My mother was a vocal supporter of corporal punishment, but for all her talking she has never spanked my siblings, and me only once. Instead she found ways of punishment that left a more lasting memory then the short sting of a swat on our rumps. One of the most memorable of these occasions occurred when I was four.

In the early 70’s my mother attended college during the day while my sister was in school and I was in daycare. One day at daycare I watched an extremely tired mother attempt to pick up her daughter. The little girl asked, “Momma are we going to McDonalds for dinner?” The mother replied, “Honey, not tonight. Momma has to run a few errands and then we have to go home and cook dinner for Daddy.” “But I wanna go.” “Susie, I said not tonight. Maybe, if you are a good girl we can go tomorrow.” Susie immediately dropped to the floor, kicking and screaming, “I want to go to McDonalds.”

No amount of pleading or scolding her mother tried stopped Susie’s tantrum. Finally her mother gave in, “Okay, Susie, lets go to McDonalds.” Susie stopped yelling and smiling she grabbed her mother’s hand and they left. To say I was amazed would be inaccurate; I was delighted that anything I wanted could be had by throwing a tantrum.

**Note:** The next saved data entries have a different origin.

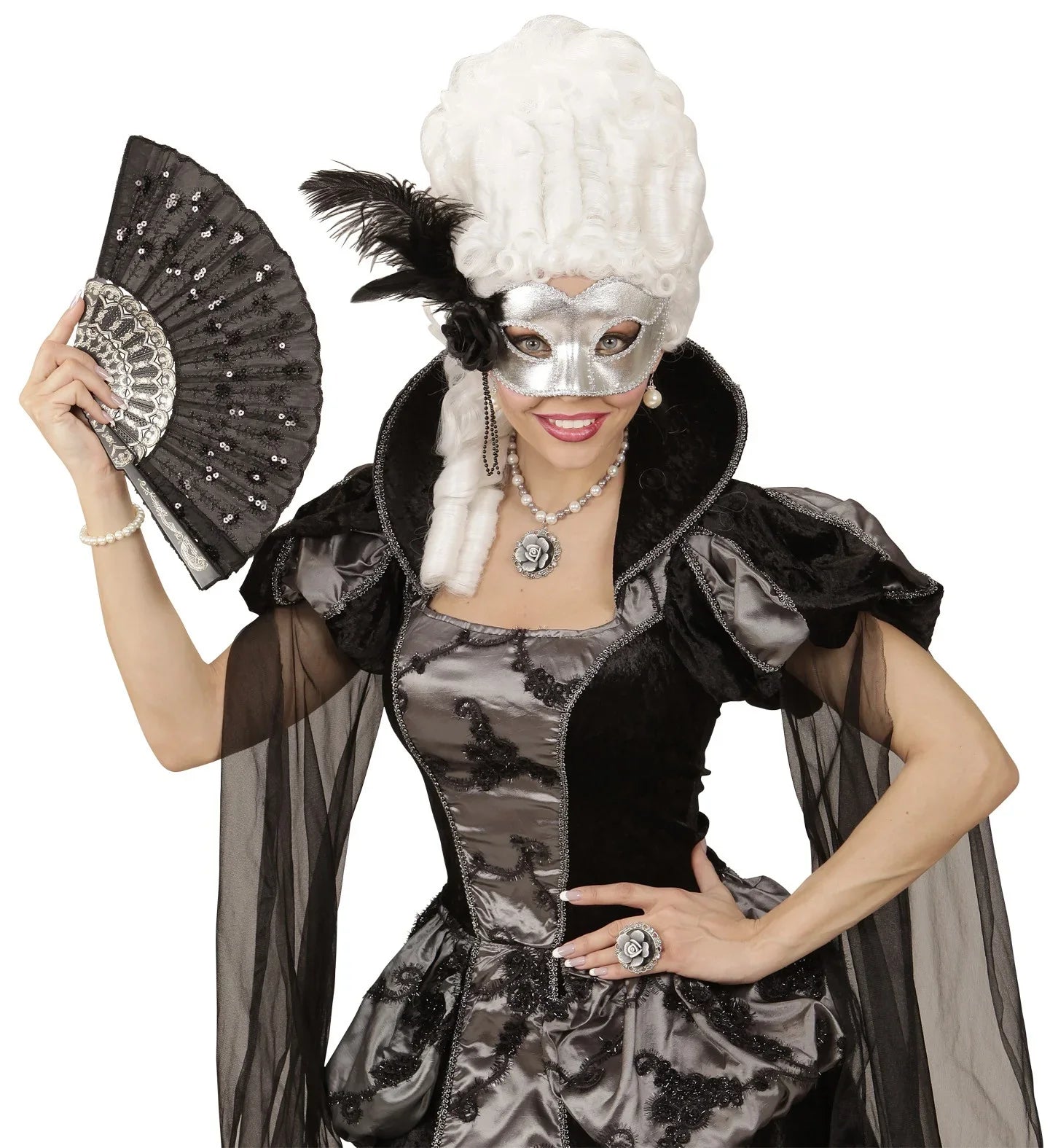 Antifaz prateado de qualidade, decorado com passamanaria prata, flor e penas. Este antifaz é uma compra segura, pois poderá usá-lo com a maioria dos seus fatos.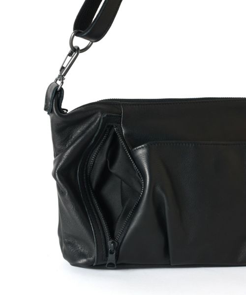 【デザイン】 フロントポケットと両サイドのジップポケットが特徴的なショルダーバッグ。口元もファスナー仕様でセキュリティ面も安心。ミドルサイズでA4サイズに対応しています。
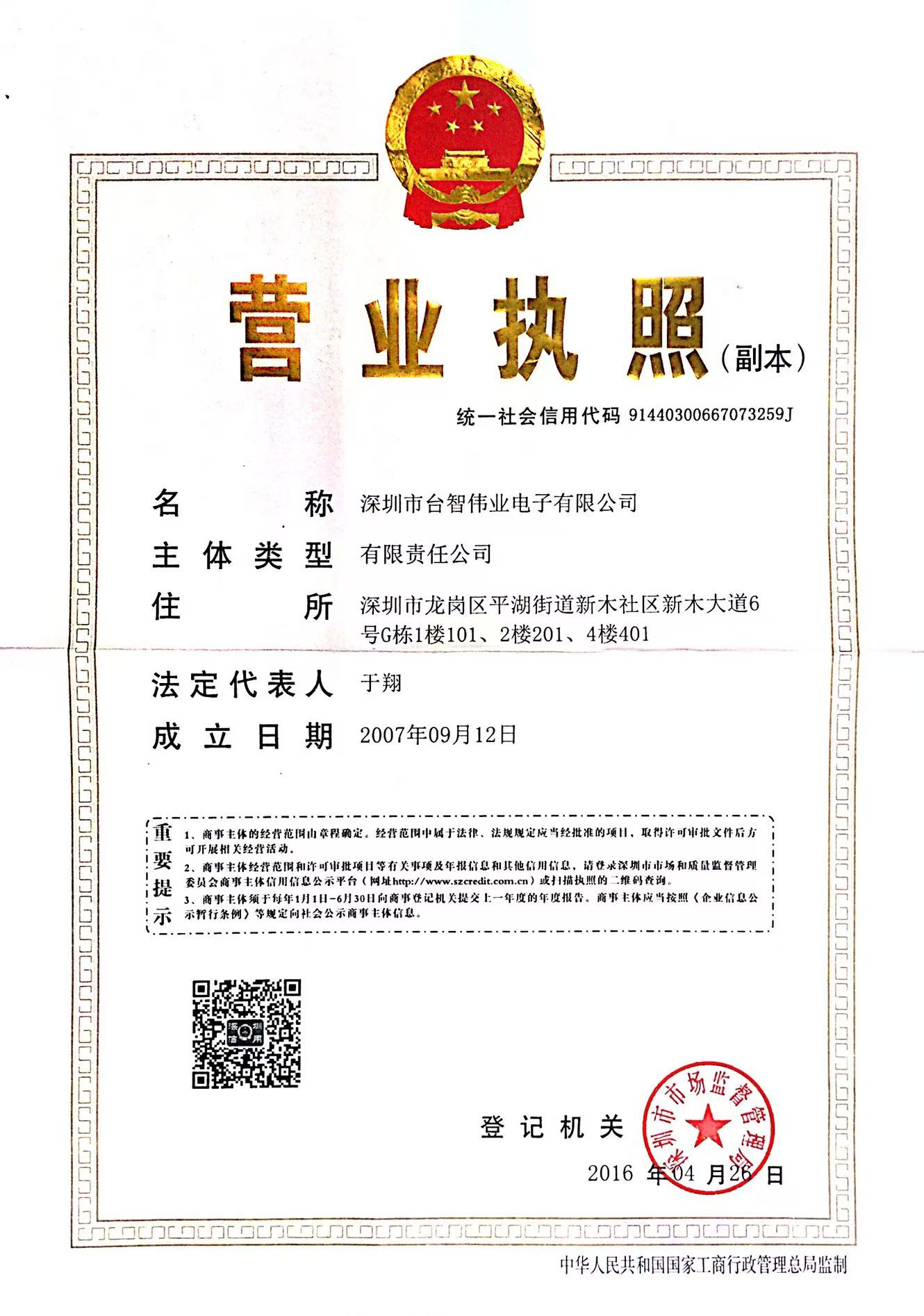 营业执照注册号:

That day my mother picked me up early from daycare because we were going to Sears & Roebuck to pay on a Christmas Layaway. I was excited by the lights and decorations, and as we walked through the toy section on the way to the Layaway Department, I saw a toy I had to have. It was a white and red telephone whose bells rang as it was pulled along on a string. Looking lovingly up at my mother I asked, “Mama, can I have that telephone?”

She replied, “Baby, not now, but if you are a good girl maybe Santa will bring it to you.” “But Mama, I want that telephone right now.” Her eyes narrowed and her hand tightened on mine. “Becky, you can’t have that telephone today, but if you misbehave you can have a spanking.”

By now we were standing in the long Holiday line in the Layaway Department, and I figure it was now or never. I lay down on the ground and began screaming, “I want that telephone,” over and over again. Weary Christmas shoppers looked as my mother calmly said, “Becky, you better get up by the count of three or else. One…Two…Three.”

Nothing. I was still in full tantrum. So then she lay down beside me on the floor, and began kicking and screaming, “I want a new car, I want a new house, I want some jewelry, I want…” Shocked, I stood up.

“Mama, stop. Mama get up,” I tearfully pleaded.

She stood, and brushed herself off. At first stunned, the others waiting in line began to sporadically clap, and before I knew it they were cheering and laughing and patting my mother on her back. She blushed and took a little bow and the next thirty minutes in line was pure misery for me as various parents leaving the Layaway Department, shake their heads at me and say with a smile, “Your mom got you good. I bet you’ll never try that again.”

And I didn’t, because it left a lasting mental picture more effective then any physical mark.



  七十年代初期,妈妈白天在大学里念书,而我姐姐当时在学校念书,我则上了托儿所。有一天,我在托儿所里看到一位疲惫不堪的母亲来接她的女儿回家。只听那个小女孩问:“妈妈,我们晚上去麦当劳,好吗?”那位母亲回答说:“今晚不行,宝贝。妈妈还有事情要做,做完后还要回家给你爸爸做饭去。”“但是我想去嘛!”“苏茜,今晚不行。你听话的话,妈妈明天带你去。” 小女孩听完马上就坐在地上,踢着脚嚷了起来:“我要去麦当劳,我要去麦当劳……”

  不管那位母亲怎么好说歹说,那女孩还是不依。最后那位母亲让步了:“好吧,我带你到麦当劳去。” 苏茜马上停止了叫喊,拉住她妈妈的手高高兴兴地离开了。我惊奇地看着这一幕,心里简直乐开了花――原来只要耍耍脾气就可以得到我想要的东西啦!


  妈妈回答说:“宝宝,现在不行。如果你表现好的话,说不定圣诞老人会送你一个。”“但我现在就想要嘛!” “贝基,今天不能买那个电话机,如果你再胡闹的话我就要打你屁股了。” 妈妈皱起眉头握紧了我的手。




  母亲站起来拍了拍衣服,愣住了的人群开始稀稀拉拉地鼓起掌来。我还没醒悟过来怎么回事,他们已经欢快地笑了起来,还不时地拍妈妈的肩膀表示鼓励。妈妈脸红红的,向大家鞠了个躬表示感谢。你都不知道在接下来的半个多小时我有多么难受的。人们在离开商店前都会冲我摇头,并笑嘻嘻地对我说: “你妈妈是为你好,我敢打赌你以后再也不敢这样做了!”